WebSDR has been an issue in SWLing circles for many years. While not as
common as in the past, SWLers still pursue QSL confirmations from the
stations they hear. Some of these receptions are being made through
WebSDRs. Unfortunately, not all of them disclose this 'minor detail'
when submitting reception reports to the stations.

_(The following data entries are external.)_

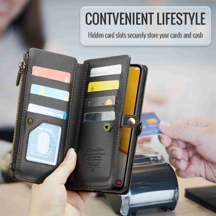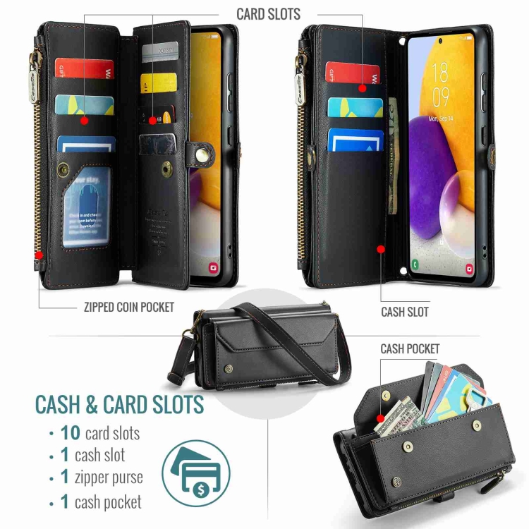 Funda de Cuero Antirrobo Caseme C36 para Samsung Galaxy A72 con Ranuras y Billetera con Cremallera (Negro)
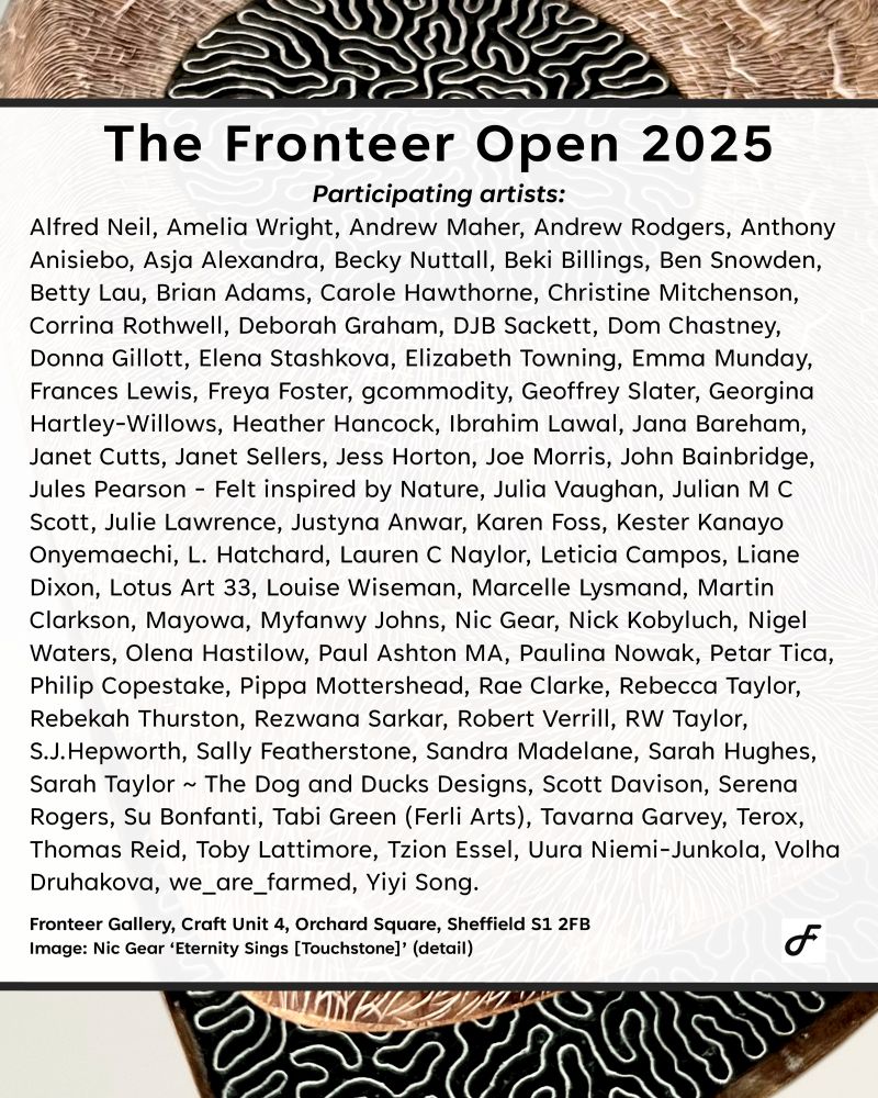 Join us for the Fronteer Open 2025, which opens with a Private View next Saturday (8th) from 4-6pm. The PV will give you a chance to see the show, meet some of the artists, enjoy a drink and vote for your favourite work. Free entry, all welcome! 🥂🎨
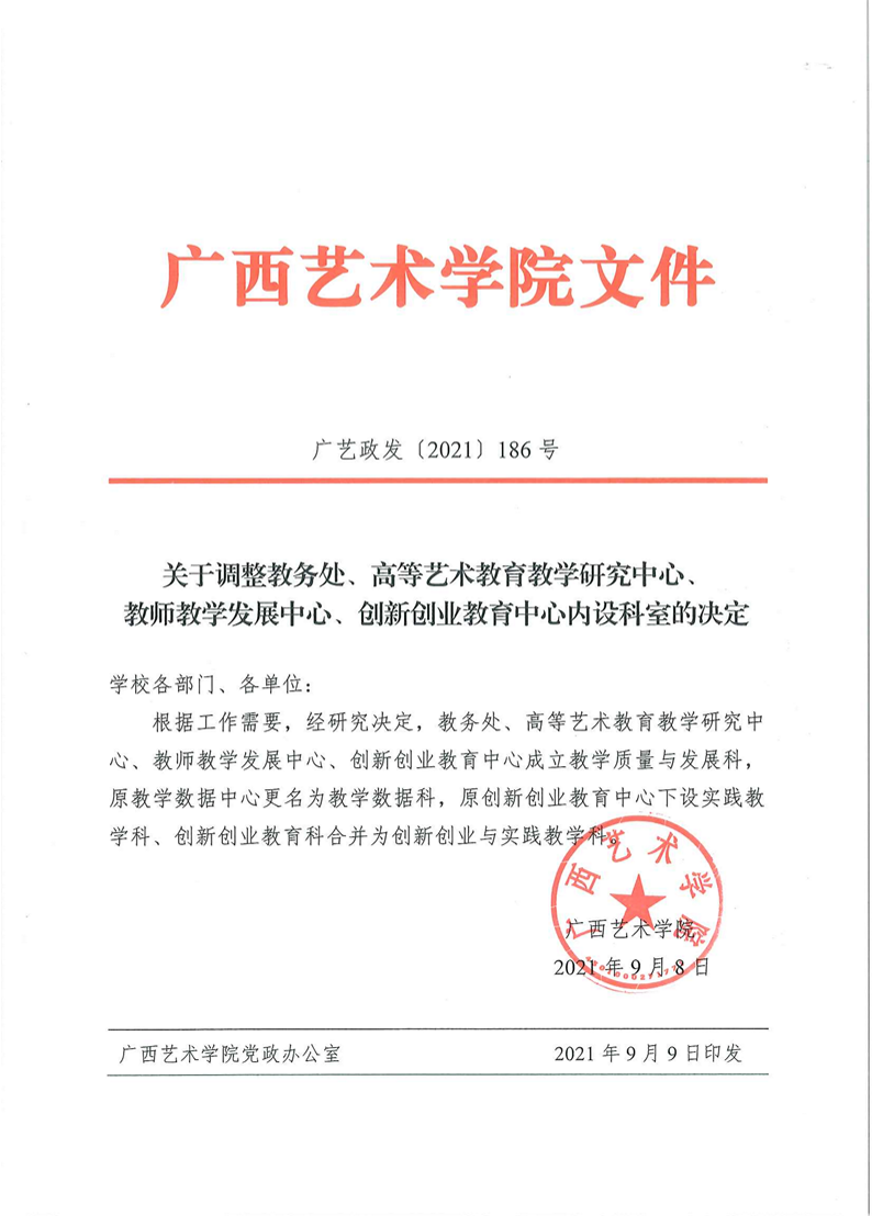 广艺政发〔2021〕186号 关于调整教务处、高等艺术教育教学研究中心、教师教学发展中心、创新创业教育中心内设科室的决定 来源: 作者: 时间:2021-09-09 10:50 点击:次 字号:【小 大】 分享到: 打印正文 返回顶部

To give you an idea of the difference of opinions regarding the use of
WebSDRs in SWLing, one SWLer adds an interesting tagline to all his
logs. It's something like this: "Heard with my own ears, on my own
receiver, in real time."
The reason for the tagline, is that a number of SWLers, not only use web
receivers, but are not even at the dials during the reception. They'll
record entire bands (SW-MW-FM), and go through the MP3 files later, some
sending reception reports to the stations, after the MP3s have been
As cogently stated already, it's all a hobby, and each individual will
decide what is valid or not as his/her own achievements. It only becomes
a 'problem' when those 'achievements' are compared against others'.
As for amateur radio remotes, a lot has been said already. There seems
to be an understanding of the proper use of remotes, things such as
proper identification and the like.
One poster mentioned something that I don't recall seeing here before,
but crossed my mind many times, as being an 'injustice'. That is, the
use of a remote station within a country, regardless of the distance, as
being valid for DXCC and/or contests.
Nothing wrong in principle, until you realize that a ham in Canada, the
US, and other big countries, benefit a lot more from this allowance,
than a ham in Andorra, El Salvador, or Hong Kong, for example.

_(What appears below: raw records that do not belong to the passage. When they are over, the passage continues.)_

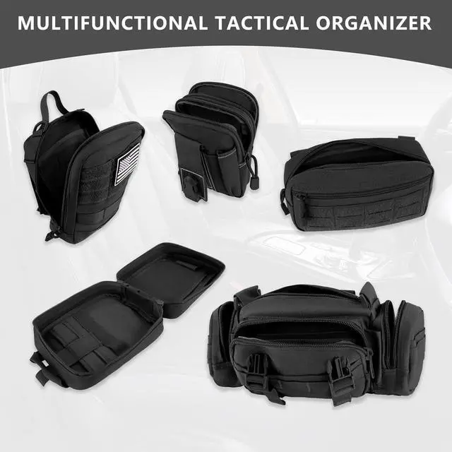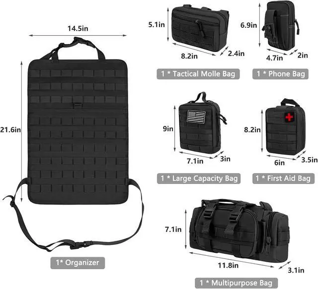 What You Get1*Tactical Seat Back Organizer, 1*Tactical Medical Pouch, 1*Molle Admin Pouch, 1*Large Item Storage Pouch, 1*Tactical Waist Bag, 1* Phone Pouch. Suitable for storing mobile phones, tactical pens, Keychains, GPS devices, digital cameras, medical supplies or any necessary small tools you need, perfect for your outdoor activities.
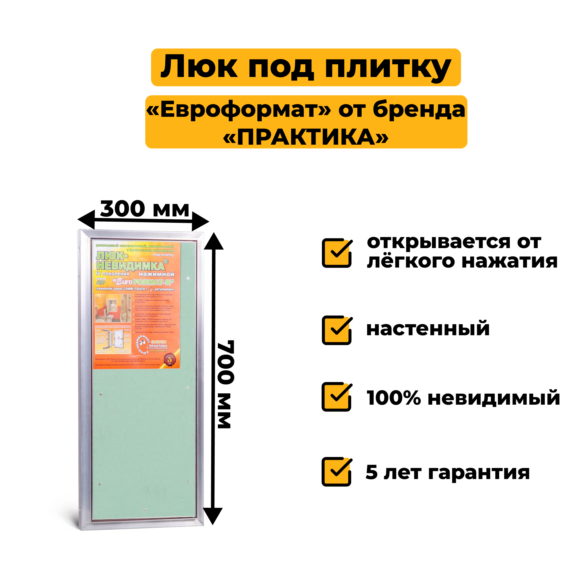СохранитьСкрытый ревизионный люк 30х70 (ШхВ) под плитку «Евроформат» Практика, нажимной, распашной интересное:
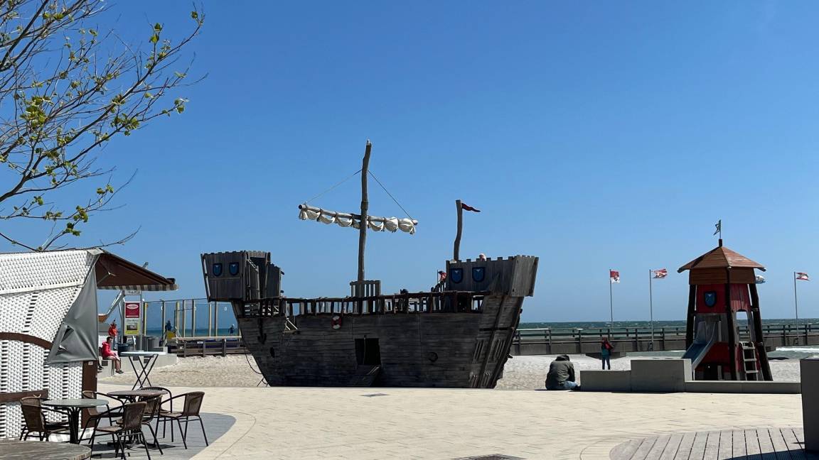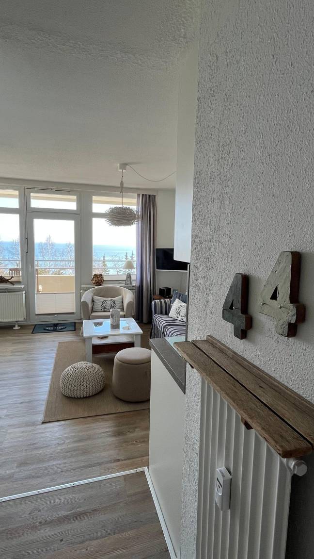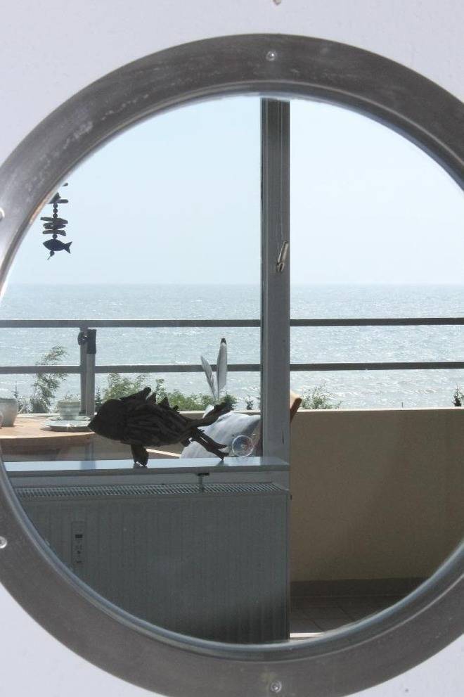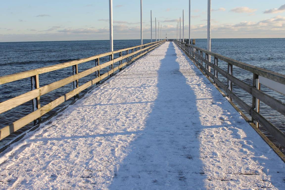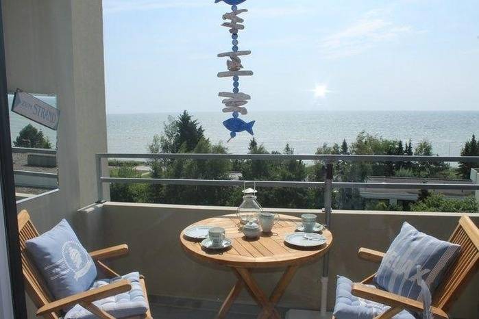 Großer Südbalkon mit grandiosem Meerblick bis zum Horizont. Auf der rechten Seite bis zur Seebrücke/Hafen. Die Sonne scheint bis zum Nachmittag auf den Balkon.

It's no uncommon to see west coast hams claiming to be at a disadvantage
compared to east coast hams. They may have a point, but it's difficult
to equalize this perceived injustice. In the case of remote stations, I
think the 'within national borders' criteria is flawed. A much better
criteria would be distance based. It would not allow for border
crossings, even if still within the allowed distance, of course.
Not trying to ressurect an old/bad discussion, but FT8 is in the
'news'again. Full automation has been achieved through the use of
macros. Only one more development to sow disagreement in the ham
The hobby is changing. There are more ways to enjoy it. We may not like
all of them, but we must find a way to coexist.